Sample query – Products purchased per month
SELECT
DATE_TRUNC(date, month) month,
COUNT(*) items
FROM `bigquery-public-data.iowa_liquor_sales.sales`
GROUP BY 1
ORDER BY 1 DESC
NYC Citi Bike Trips
A record of all rides that occur on the largest bike share system in the US. At the time of this writing, it appears this dataset only goes through 2016.
Example query – Most popular Citi Bike stations
SELECT
start_station_name, start_station_latitude, start_station_longitude,
COUNT(*) AS num_trips
FROM `bigquery-public-data.new_york.citibike_trips`
GROUP BY 1,2,3
ORDER BY num_trips DESC
LIMIT 10
The Look
This is a fake ecommerce dataset that is somewhat useful for practice working on analysis problems you might find if you worked for a business that sells widgets online. This dataset includes a few tables such as inventory items, orders, users and distribution centers.
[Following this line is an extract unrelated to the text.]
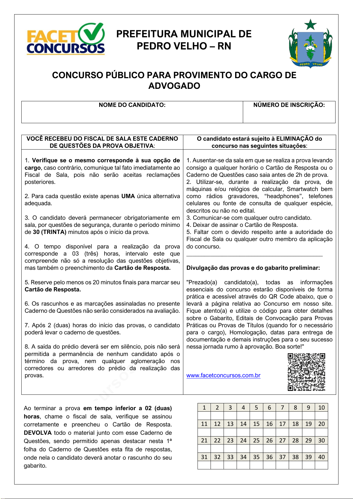 pcimarkpci MDAwMDowMDAwOjAwMDA6MDAwMDowMDAwOmZmZmY6OGE3YToxZjRj:VHVlLCAxOCBNYXIgMjAyNSAxMTozODoxOCAtMDMwMA== www.pciconcursos.com.br 1 PREFEITURA MUNICIPAL DE PEDRO VELHO – RN CONCURSO PÚBLICO PARA PROVIMENTO DO CARGO DE ADVOGADO NOME DO CANDIDATO: NÚMERO DE INSCRIÇÃO: VOCÊ RECEBEU DO FISCAL DE SALA ESTE CADERNO DE QUESTÕES DA PROVA OBJETIVA: O candidato estará sujeito à ELIMINAÇÃO do concurso nas seguintes situações: 1. Verifique se o mesmo corresponde à sua opção de cargo, caso contrário, comunique tal fato imediatamente ao Fiscal de Sala, pois não serão aceitas reclamações posteriores. 2. Para cada questão existe apenas UMA única alternativa adequada. 3. O candidato deverá permanecer obrigatoriamente em sala, por questões de segurança, durante o período mínimo de 30 (TRINTA) minutos após o início da prova. 4. O tempo disponível para a realização da prova corresponde a 03 (três) horas, intervalo este que compreende não só a resolução das questões objetivas, mas também o preenchimento da Cartão de Resposta. 5. Reserve pelo menos os 20 minutos finais para marcar seu Cartão de Resposta. 6. Os rascunhos e as marcações assinaladas no presente Caderno de Questões não serão considerados na avaliação. 7. Após 2 (duas) horas do início das provas, o candidato poderá levar o caderno de questões. 8. A saída do prédio deverá ser em silêncio, pois não será permitida a permanência de nenhum candidato após o término da prova, nem qualquer aglomeração nos corredores ou arredores do prédio da realização das provas. 1. Ausentar-se da sala em que se realiza a prova levando consigo a qualquer horário o Cartão de Resposta ou o Caderno de Questões caso saia antes de 2h de prova. 2. Utilizar-se, durante a realização da prova, de máquinas e/ou relógios de calcular, Smartwatch bem como rádios gravadores, “headphones”, telefones celulares ou fonte de consulta de qualquer espécie, descritos ou não no edital. 3. Comunicar-se com qualquer outro candidato. 4. Deixar de assinar o Cartão de Resposta. 5. Faltar com o devido respeito ante a autoridade do Fiscal de Sala ou qualquer outro membro da aplicação do concurso. ______________________________________________ Divulgação das provas e do gabarito preliminar: "Prezado(a) candidato(a), todas as informações essenciais do concurso estarão disponíveis de forma prática e acessível através do QR Code abaixo, que o levará a página relativa ao Concurso em nosso site. Fique atento(a) e utilize o código para obter detalhes sobre o Gabarito, Editais de Convocação para Provas Práticas ou Provas de Títulos (quando for o necessário para o cargo), Homologação, datas para entrega de documentação e demais instruções para o seu sucesso nessa jornada rumo à aprovação. Boa sorte!" www.facetconcursos.com.br 1 2 3 4 5 6 7 8 9 10 11 12 13 14 15 16 17 18 19 20 21 22 23 24 25 26 27 28 29 30 31 32 33 34 35 36 37 38 39 40 Ao terminar a prova em tempo inferior a 02 (duas) horas, chame o fiscal de sala, verifique se assinou corretamente e preencheu o Cartão de Resposta. DEVOLVA todo o material junto com esse Caderno de Questões, sendo permitido apenas destacar nesta 1ª folha do Caderno de Questões esta fita de respostas, onde nela o candidato deverá anotar o rascunho do seu gabarito. pcimarkpci MDAwMDowMDAwOjAwMDA6MDAwMDowMDAwOmZmZmY6OGE3YToxZjRj:VHVlLCAxOCBNYXIgMjAyNSAxMTozODoxOCAtMDMwMA== www.pciconcursos.com.br 2 CONCURSO PÚBLICO PREFEITURA MUNICIPAL DE PEDRO VELHO - RN ADVOGADO LÍNGUA PORTUGUESA 1. Leia o texto a seguir: Estudo realizado com 800 pares de gêmeos indica que DNA é o fator que mais influencia no bem-estar de uma pessoa – não o que ela vive durante a vida. O que mais influi na felicidade de uma pessoa? As experiências que ela tem durante a vida? Ou características previamente escritas em seu código genético? Essa discussão, que mobiliza a ciência há décadas, acaba de ser desequilibrada a favor de um lado: o DNA. Foi o que concluiu um estudo feito pela Universidade de Edimburgo, na Escócia, que analisou 837 pares de gêmeos. Cada par de gêmeos havia sido criado na mesma casa, pelos mesmos pais, e por isso teve experiências parecidas na vida. Metade dos gêmeos era univitelina, ou seja, com DNA idêntico, e a outra metade bivitelina, com DNA diferente. O objetivo do estudo foi comparar univitelinos e bivitelinos, e com isso identificar a influência do DNA sobre determinadas características do ser humano – inclusive de quem não é gêmeo. Os voluntários responderam a questionários que mediam vários aspectos do bem-estar psicológico, como o grau de autonomia da pessoa e sua capacidade de ter relacionamentos saudáveis. Os gêmeos univitelinos, de DNA igual, tiveram pontuação mais parecida que os bivitelinos – que têm DNA diferentes, mas cresceram no mesmo ambiente. Ou seja: na prática, o DNA influencia mais que o ambiente no grau de felicidade da pessoa. "Houve influências genéticas substanciais em todos os componentes", diz o psicólogo Timothy Bates, autor do estudo. "Já os efeitos do ambiente foram insignificantes". Em suma: cada pessoa tende a um nível natural de felicidade, que já vem programado no seu código genético. Lembre-se disso na próxima vez em que você estiver muito feliz – ou infeliz. Fonte: Superinteressante, Julho/2012. Após efetuar a leitura do texto, é correto afirmar que: I. O estudo realizado com gêmeos univitelinos e bivitelinos sugere que as experiências de vida têm um impacto significativo e indispensável no bem-estar psicológico dos indivíduos. II. A pesquisa conclui que a genética exerce uma influência preponderante sobre o grau de felicidade, em comparação ao ambiente em que a pessoa é criada. III. Os gêmeos univitelinos apresentaram pontuações de bem-estar psicológico mais similares entre si do que os gêmeos bivitelinos. IV. O estudo desconsidera a influência do ambiente na forma

Read more.
Example query – Distribution of orders per user
WITH oo as (
SELECT u.id, count(o.order_id) orders
FROM `bigquery-public-data.thelook_ecommerce.users` u
LEFT JOIN `bigquery-public-data.thelook_ecommerce.orders` o on o.user_id = u.id
GROUP BY 1
ORDER BY 2 DESC
)
SELECT orders, count(*) users
FROM oo
GROUP BY 1
ORDER BY 1 ASC